- When you file your unemployment claim, it lasts for one benefit year. Your California unemployment benefit year is the 52 weeks that follow the Sunday preceding the day you filed your initial claim. You can go off your unemployment and restart it during your benefit year, picking up exactly where you left off in terms of benefit amount and eligibility. After your benefit year, you must refile your claim, receiving a new eligibility and compensation determination.
- During your benefit year, the California Employment Development Department assigns you a maximum benefit amount (MBA), which is the total amount of compensation you can collect. If you reach your MBA, your claim ends until the benefit year is over and you can refile it. California MBA is equal to half of your insured wages earned during your base period. Insured wages come from work insured under the state’s unemployment insurance laws. Your base period is the first four of the last five full calendar quarters before you filed for benefits.

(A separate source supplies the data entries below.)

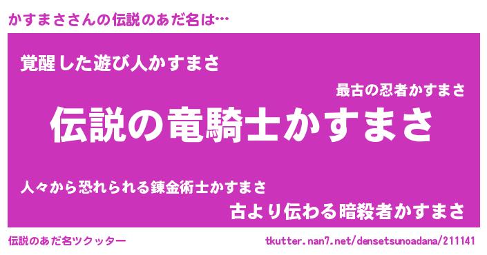 | 男性向けラノベタイトル風あだ名 | 『かすまさの憂鬱』 |
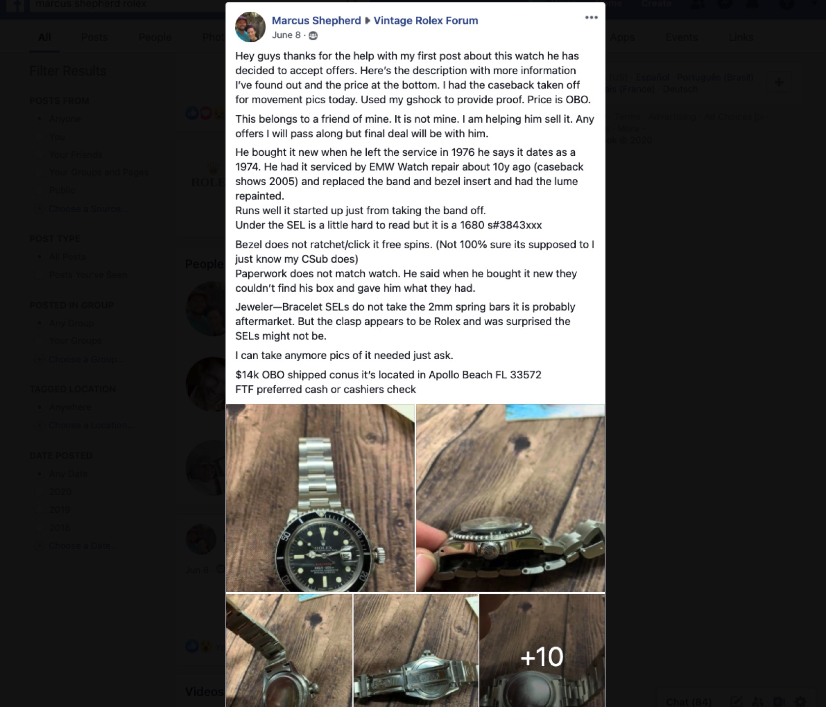 I first saw my grail watch on Facebook, so, ironically, it was Facebook Marketplace where I stumbled onto another one, nearly 8-years later. Only problem was, it was far too expensive for what it was: not every Rolex is created equal, or ages equally for that matter. The dial markers weren't original, meaning that the original Tritium paint was replaced with newer material applied. Then there was the aftermarket bezel, bezel insert, and some terrible, fake-looking pearl in pearl (PIP). Finally, the bracelet looked to be aftermarket, and incorrect for the watch as well.
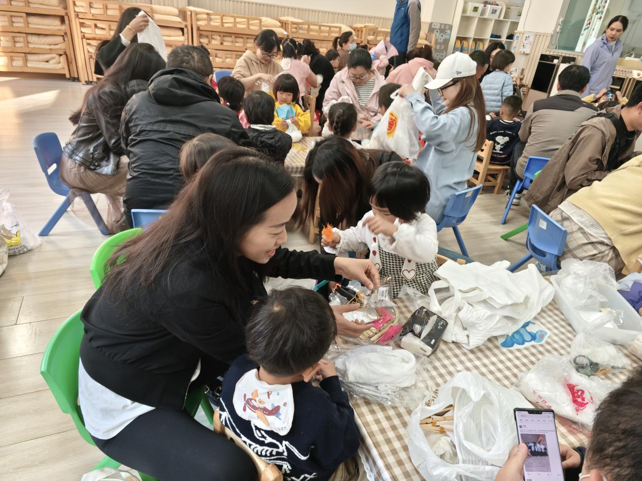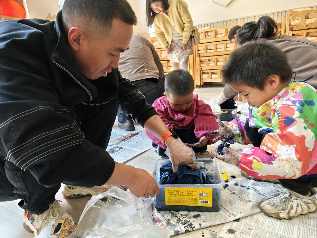 亲子创作环节将活动推向高潮。在家长的鼓励与引导下,孩子们积极参与,小手拿起布料,运用刚刚学到的扎染知识,与家长紧密配合,共同完成折叠、捆扎与染色的过程。各个家庭创意十足,有的选择经典的圆形扎法,有的尝试创新的条纹图案设计。在染料的晕染下,原本洁白的布料逐渐转变为一幅幅绚丽多彩的艺术作品。整个过程中,孩子们的欢声笑语与家长们耐心细致地指导相互交织,温馨的亲子互动场景随处可见。

- California unemployment insurance law limits the amount you can collect per benefit year. This ensures that the money in the unemployment insurance trust fund is enough to go around and prevents claimants from making unemployment their only source of income each year. As of September 2011, you can’t collect more than 26 times your weekly benefit amount in California per benefit year.
- In 2008, Congress passed legislation that offered federally funded unemployment extensions to long-term unemployed claimants. There are four tiers, with the first two tiers available in all states and the last two only available in states with excessively high total unemployment rates. To participate in each level you must exhaust previous levels of benefits by Jan. 3, 2012. These extensions are separate from your California unemployment and only occur when you’ve maxed out your regular state benefits.